Cucumber and Mint Gin Gimlet
This original gin cocktail is credited with giving sailors the nickname of “limeys” because of their fondness for adding gin to the lime juice they consumed for “medicinal” purposes. This modern twist is perfect for a refreshing spring or summer meal and goes amazingly well with any spicy dish, especially a curry, because the acidity of the lime and the sugar from the syrup cuts through the burn and brings all the exotic flavors, but not all of the heat, to the forefront.
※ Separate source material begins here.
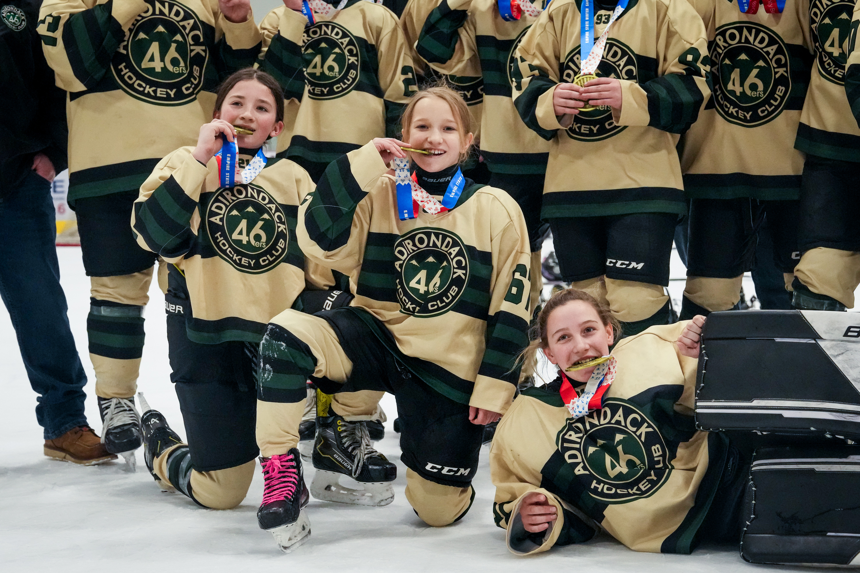 February 8, 2026The Adirondack 46ers pose after their championship victory at the Saranac Lake Civic Center on Feb. 8, 2026 in Saranac Lake, NY. (Collin Snyder/The Newhouse School)

1/4 cup cucumber, peeled and chopped
7 mint leaves
1 ounce simple syrup
2 ounces dry gin
1 lime, juiced
Muddle the cucumber, mint, and syrup in a cocktail shaker, then fill with ice and add the gin and lime juice. Shake vigorously till chilled, and then strain the mixture into an old-fashioned glass; garnish with mint and a slice of cucumber.
Gin and Tonic
First introduced as a deterrent to malaria, the original gin and tonic also included quinine, which was quite bitter, but is fortunately no longer an ingredient in this popular spring and summertime cocktail. Refreshing and sophisticated, it is also incredibly easy to make because, like cheese and crackers, if you can read the title you can make the recipe. Remember that over half of this beverage is water, so if you get top-shelf gin, don’t settle for bargain basement tonic water. It will make a difference. This particular recipe uses tonic water ice cubes, but if you are pressed for time (or simply forgot to make them), regular ice cubes will do as well. Also, do not shake or stir the ingredients. They will naturally combine as you enjoy this cocktail, and each sip will be as fresh as the last.
5 tonic water ice cubes
1 lime wedge
2 1/2 ounces gin
Approximately 4 ounces tonic water
Several hours or up to 3 weeks before making, pour tonic water into an ice cube tray and freeze. Once frozen, place the cubes in a highball tumbler. Swipe the lime wedge around the rim of the glass and then drop on top of the ice cubes. Pour in the gin and top with the tonic water. Do not stir but do enjoy immediately.
Classic Martini
Martinis are made with gin. Period. Any other spirit is just pretending (we see you, vodka). And while James Bond always wanted his shaken, not stirred, it is probably best to stir, not shake because shaking will dilute and create air bubbles that impede the silky texture associated with a classic martini. The ratio is generally three parts gin to one part vermouth for a classic; however, variations such as a 50-50, which, as the name implies, uses equal parts gin and vermouth, are perfectly acceptable. A reverse martini flips the classic ratio so that each drink has far less alcohol; a “perfect” martini combines both dry and sweet vermouth, and a Vesper adds a little vodka (okay, vodka, you can come out from behind the wine rack). A chilled martini glass is a must, but garnishes are a matter of preference.
3 ounces dry gin
1 ounce dry vermouth
Ice
Lemon twist, cocktail onions, or olives for garnish
Put a martini glass in the freezer to chill. Pour the gin and vermouth in a small mixing bowl or glass, add ice, and stir (sorry Mr. Bond) for about 30 seconds or until chilled. Strain into the chilled martini glass and garnish with lemon twist, cocktail onions, or olives, and serve immediately.